• _WHAT YOU HAVE TO DO_:
Nothing but the text of the listing, repeated exactly, belongs in the answer; leave the images out.

• _THE DATA_:
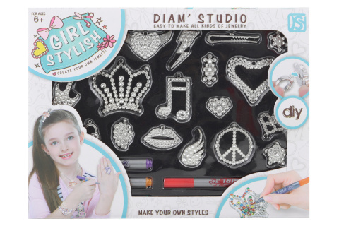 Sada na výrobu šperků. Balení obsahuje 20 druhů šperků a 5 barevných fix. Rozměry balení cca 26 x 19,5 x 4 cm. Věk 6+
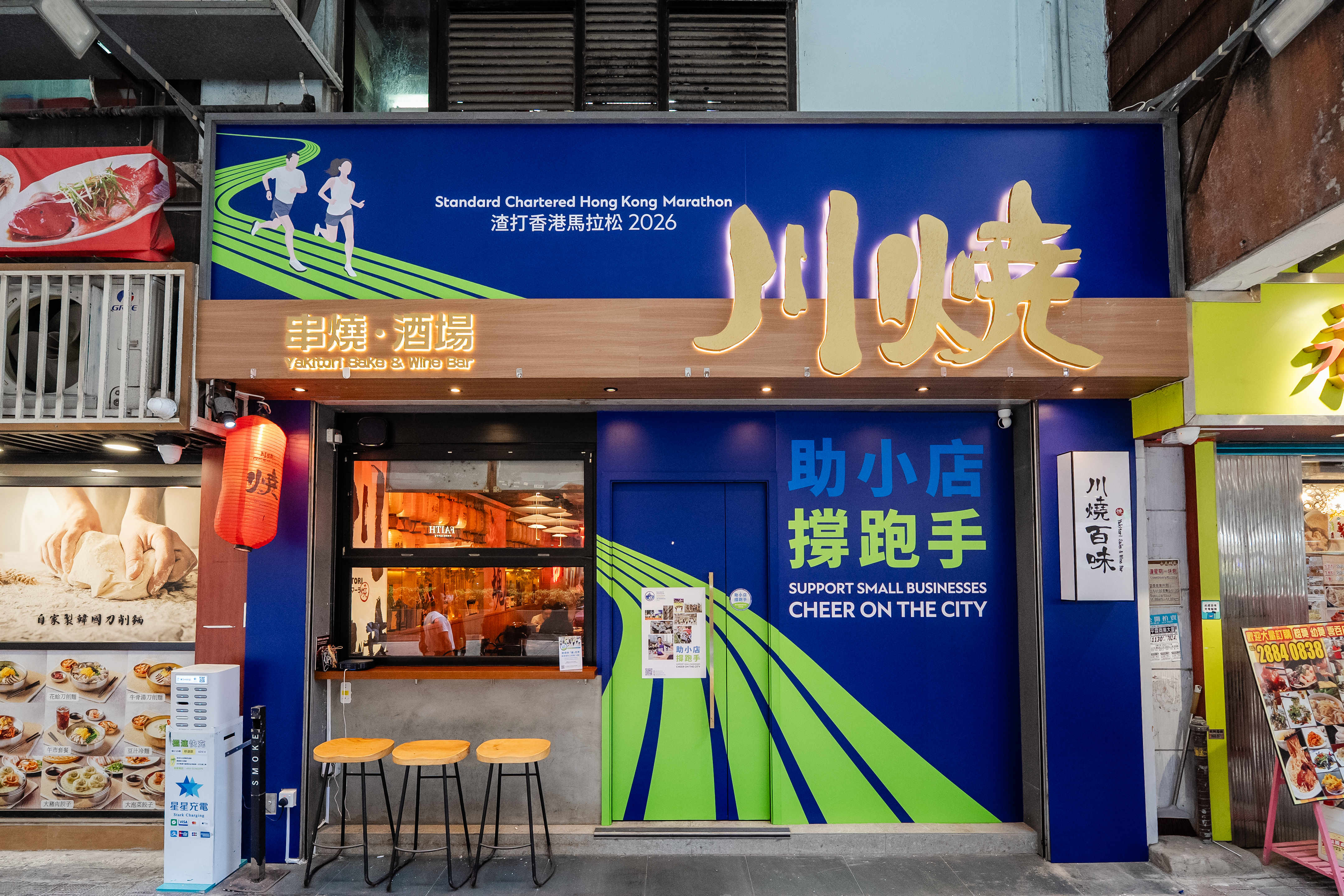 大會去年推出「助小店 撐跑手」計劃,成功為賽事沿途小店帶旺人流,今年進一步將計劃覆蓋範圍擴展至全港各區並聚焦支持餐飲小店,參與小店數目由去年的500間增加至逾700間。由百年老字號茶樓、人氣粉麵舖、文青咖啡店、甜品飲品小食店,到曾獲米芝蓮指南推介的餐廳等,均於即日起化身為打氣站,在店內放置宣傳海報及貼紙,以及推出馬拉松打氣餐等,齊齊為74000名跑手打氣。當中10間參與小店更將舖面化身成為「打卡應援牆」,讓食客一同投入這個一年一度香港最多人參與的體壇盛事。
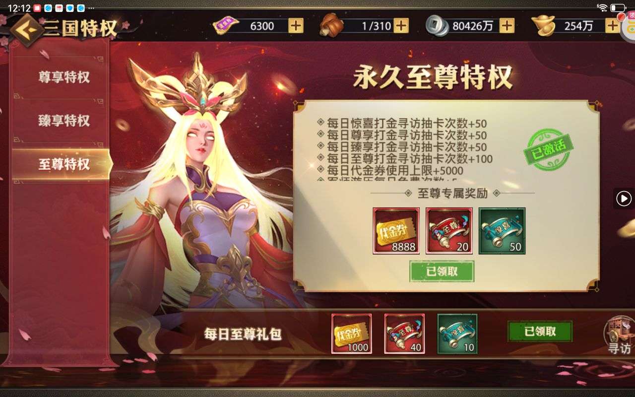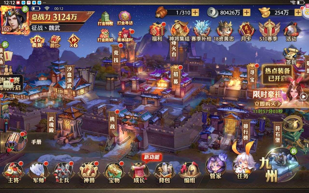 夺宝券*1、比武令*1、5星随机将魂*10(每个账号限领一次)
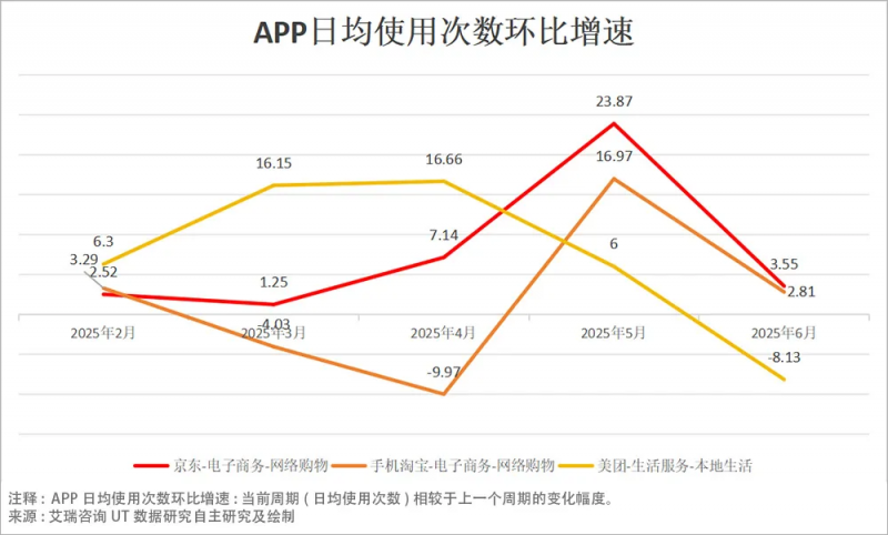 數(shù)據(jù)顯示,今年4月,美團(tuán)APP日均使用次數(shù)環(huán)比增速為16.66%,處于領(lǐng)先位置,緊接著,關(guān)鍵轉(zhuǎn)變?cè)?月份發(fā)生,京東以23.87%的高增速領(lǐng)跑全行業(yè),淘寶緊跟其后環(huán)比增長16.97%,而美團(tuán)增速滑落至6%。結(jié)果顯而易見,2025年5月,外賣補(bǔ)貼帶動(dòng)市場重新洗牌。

• _YOUR SOLUTION_:
 Sada na výrobu šperků. Balení obsahuje 20 druhů šperků a 5 barevných fix. Rozměry balení cca 26 x 19,5 x 4 cm. Věk 6+
 大會去年推出「助小店 撐跑手」計劃,成功為賽事沿途小店帶旺人流,今年進一步將計劃覆蓋範圍擴展至全港各區並聚焦支持餐飲小店,參與小店數目由去年的500間增加至逾700間。由百年老字號茶樓、人氣粉麵舖、文青咖啡店、甜品飲品小食店,到曾獲米芝蓮指南推介的餐廳等,均於即日起化身為打氣站,在店內放置宣傳海報及貼紙,以及推出馬拉松打氣餐等,齊齊為74000名跑手打氣。當中10間參與小店更將舖面化身成為「打卡應援牆」,讓食客一同投入這個一年一度香港最多人參與的體壇盛事。
 夺宝券*1、比武令*1、5星随机将魂*10(每个账号限领一次)
 數(shù)據(jù)顯示,今年4月,美團(tuán)APP日均使用次數(shù)環(huán)比增速為16.66%,處于領(lǐng)先位置,緊接著,關(guān)鍵轉(zhuǎn)變?cè)?月份發(fā)生,京東以23.87%的高增速領(lǐng)跑全行業(yè),淘寶緊跟其后環(huán)比增長16.97%,而美團(tuán)增速滑落至6%。結(jié)果顯而易見,2025年5月,外賣補(bǔ)貼帶動(dòng)市場重新洗牌。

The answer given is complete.